To address software piracy, one approach is to ensure that the training data used for the development of these models are legally obtained and do not violate any copyrights or intellectual property rights according to the U.S. Copyright Office [200]. Organizations can also establish clear policies and guidelines for the ethical and legal use of these technologies. For instance, developers can be required to obtain permission or licenses before using proprietary code or software in their work. Machine learning algorithms can also be trained to identify and prevent the unauthorized distribution of copyrighted material and pirated code or software.

4.5. Integration with Existing Tools

The opportunity to integrate tools and LLMs enhances and streamlines the software development process. By incorporating LLMs into integrated tools as cloud virtual service providers [201,202], developers can leverage the power of NLP to automate repetitive tasks, improve code quality and readability, and increase efficiency in software development. This integration can enable developers to experiment prompt engineering with public LLMs under data compliance, data security, data governance and best practices directly from their own development environment. Copilot for Xcode [203] serves as a real-world example of an application integrated with LLMs, allowing Apple developers to utilize GitHub Copilot [144] for code suggestions and ChatGPT [176] for code explanation and mutation using natural language. The connection between Xcode and Copilot is achieved by establishing communication between the Xcode source editor extension and the Copilot server, presenting suggestions in a user interface not handled by Xcode. To obtain additional information beyond the source code and file type provided by Xcode, the app utilizes the Accessibility API, which represents objects in a user interface and exposes information about each object within the application. Furthermore, for in-place code editing, the app employs the use of Apple Scripts, a scripting language in macOS for task automation, to programmatically execute extension commands and emulate menu bar interactions. The details to integrate the Copilot with Xcode are illustrated in Figure 5.

With these workarounds, Copilot for Xcode successfully enables Xcode to support GitHub Copilot, as shown in Figure 6. In addition, it facilitates the integration of an external chat panel that can access and read the user’s code. This chat panel serves as a connection point to leverage LLMs for functionalities such as code explanation and mutation using natural language. The chat panel can also be extended with plugins to offer additional features, including support for natural language terminal commands. The incorporation of Copilot into Xcode signifies a notable advancement in AI-powered programming for iOS/macOS, expanding the capabilities of language models to widely-used mobile software development tools.

5. Conclusions

This review paper explores the applications of LLMs in software naturalness to gain a better understanding of software development processes and develop applications that cater to the human aspects of software development. Firstly, it provides a background on Big Code and software naturalness, covering topics such as available datasets, tokenization processes, existing language models, and entropy-based measurements. Secondly, it summarizes recent applications of LLMs trained with Big Code in various tasks, including code generation, code completion, code translation, code refinement, code summarization, defect detection, and clone detection. Lastly, it discusses the potential challenges and opportunities associated with LLMs in the context of AI-assisted programming tasks.
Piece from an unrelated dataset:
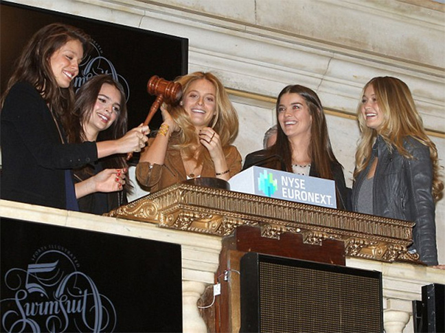 Οι καλλονές του γνωστού περιοδικού Sport’s Illustrated μας απασχολούν για δύο λόγους αυτές τις ημέρες. Ο πρώτος είναι ότι την Πέμπτη, οι Natasha Barnard, Kate Bock, Emily DiDonato, Gigi Hadid και Emily Ratajkowski βρέθηκαν στη Wall Street και συγκεκριμένα στο New York Stock Exchange για να χτυπήσουν το καμπανάκι της λήξης της συνεδρίασης.

Analyzing Big Code repositories and identifying patterns of naturalness can lead to more effective methods for AI-assisted programming. This can ultimately improve the quality and productivity of AI-assisted programming, making it easier for programmers to create high-quality software with fewer errors in less time. In addition to the challenges faced by LLMs for codes mentioned in this review paper, there are significant opportunities for future work in the field. These opportunities include exploring the development of LLMs that prioritize transparency and interpretability, enabling clearer explanations for code suggestions and bug fixing. Emphasizing the design of AI-assisted programming applications that prioritize fairness, transparency, and privacy is crucial, as current research tends to focus primarily on performance and efficiency. By pursuing these avenues, AI-assisted programming applications can be advanced to be more user-centric, ethically responsible, and adaptable, ultimately leading to more efficient and effective programming workflows.

Author Contributions

Conceptualization, M.-F.W. and C.-W.T.; methodology, M.-F.W., S.G., C.-N.H., S.-W.H. and C.-W.T.; software: S.G. and C.-W.T.; validation, M.-F.W., S.-W.H. and C.-W.T.; supervision, M.-F.W., S.-W.H. and C.-W.T. All authors have read and agreed to the published version of the manuscript.

Funding

This work is supported in part by the Ministry of Education, Singapore, under its Academic Research Fund (No. 022307 and AcRF RG91/22) and Google Faculty Award.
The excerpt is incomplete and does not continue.